Information supplied
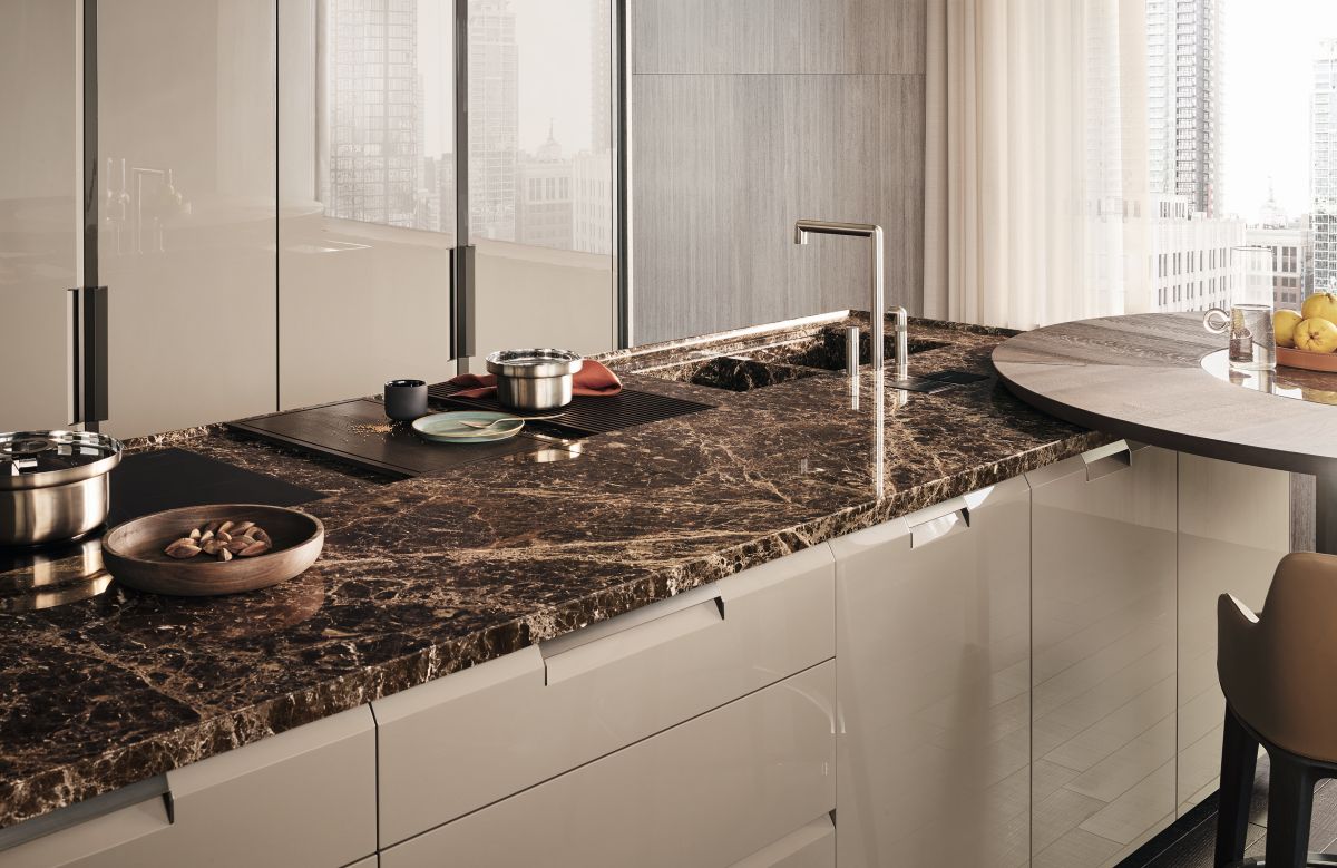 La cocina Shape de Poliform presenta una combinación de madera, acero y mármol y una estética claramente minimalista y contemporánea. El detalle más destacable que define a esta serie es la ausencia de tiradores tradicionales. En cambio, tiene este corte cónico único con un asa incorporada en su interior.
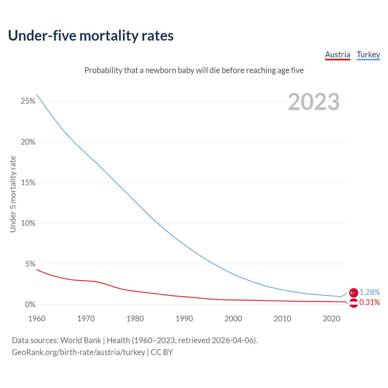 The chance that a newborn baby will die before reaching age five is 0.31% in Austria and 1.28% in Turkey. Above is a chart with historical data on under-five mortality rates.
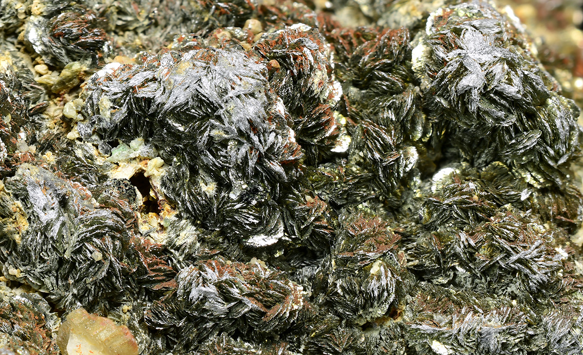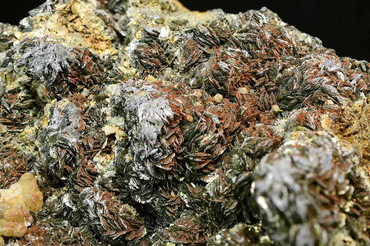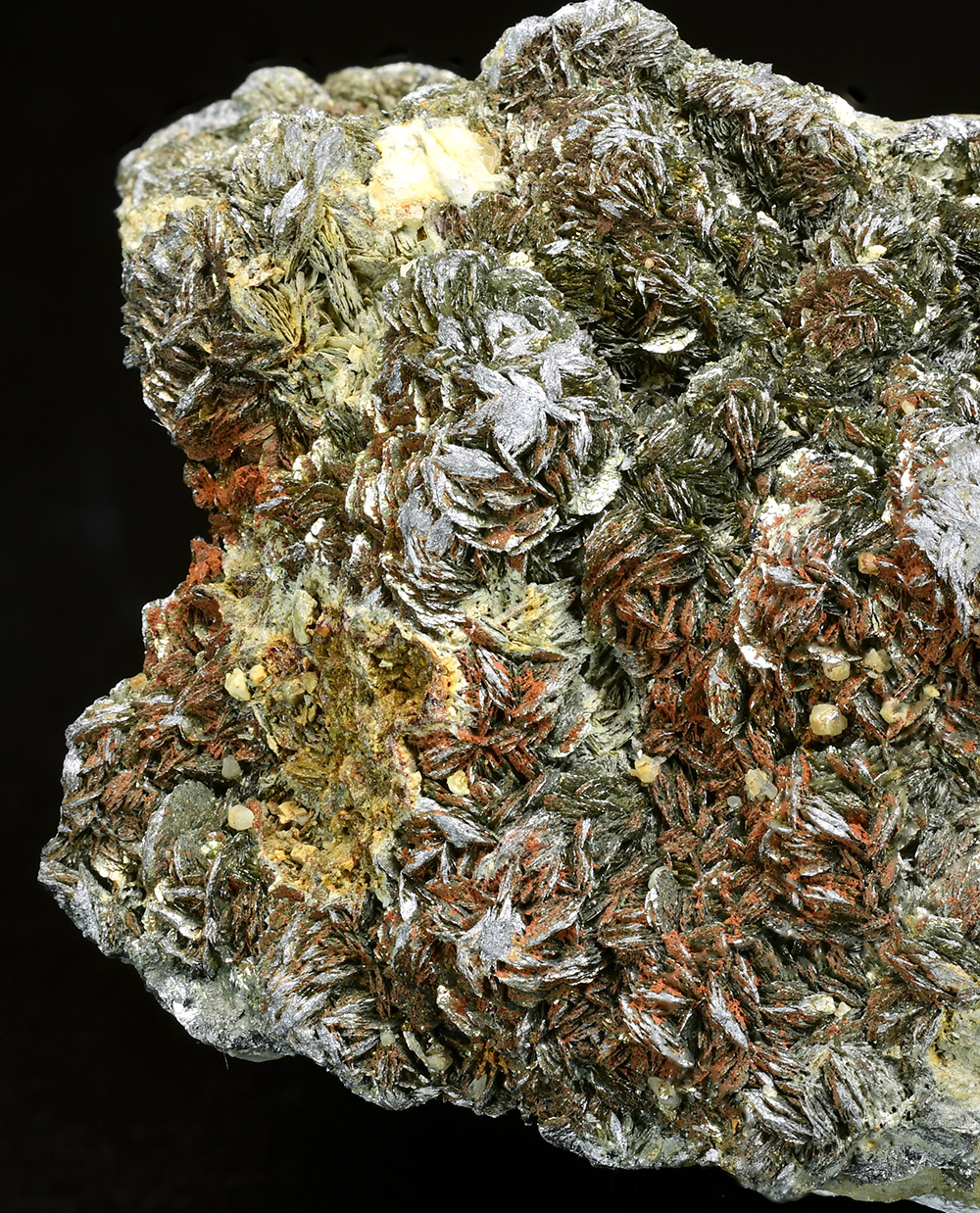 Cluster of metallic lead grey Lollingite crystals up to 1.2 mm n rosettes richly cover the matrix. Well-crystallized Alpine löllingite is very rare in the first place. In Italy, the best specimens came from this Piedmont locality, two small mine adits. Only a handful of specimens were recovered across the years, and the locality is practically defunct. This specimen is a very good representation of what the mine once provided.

Your assignment
Before you finish, make sure every line above has been repeated exactly and no picture remains in the copy.

Exercise response
 La cocina Shape de Poliform presenta una combinación de madera, acero y mármol y una estética claramente minimalista y contemporánea. El detalle más destacable que define a esta serie es la ausencia de tiradores tradicionales. En cambio, tiene este corte cónico único con un asa incorporada en su interior.
 The chance that a newborn baby will die before reaching age five is 0.31% in Austria and 1.28% in Turkey. Above is a chart with historical data on under-five mortality rates.
 Cluster of metallic lead grey Lollingite crystals up to 1.2 mm n rosettes richly cover the matrix. Well-crystallized Alpine löllingite is very rare in the first place. In Italy, the best specimens came from this Piedmont locality, two small mine adits. Only a handful of specimens were recovered across the years, and the locality is practically defunct. This specimen is a very good representation of what the mine once provided.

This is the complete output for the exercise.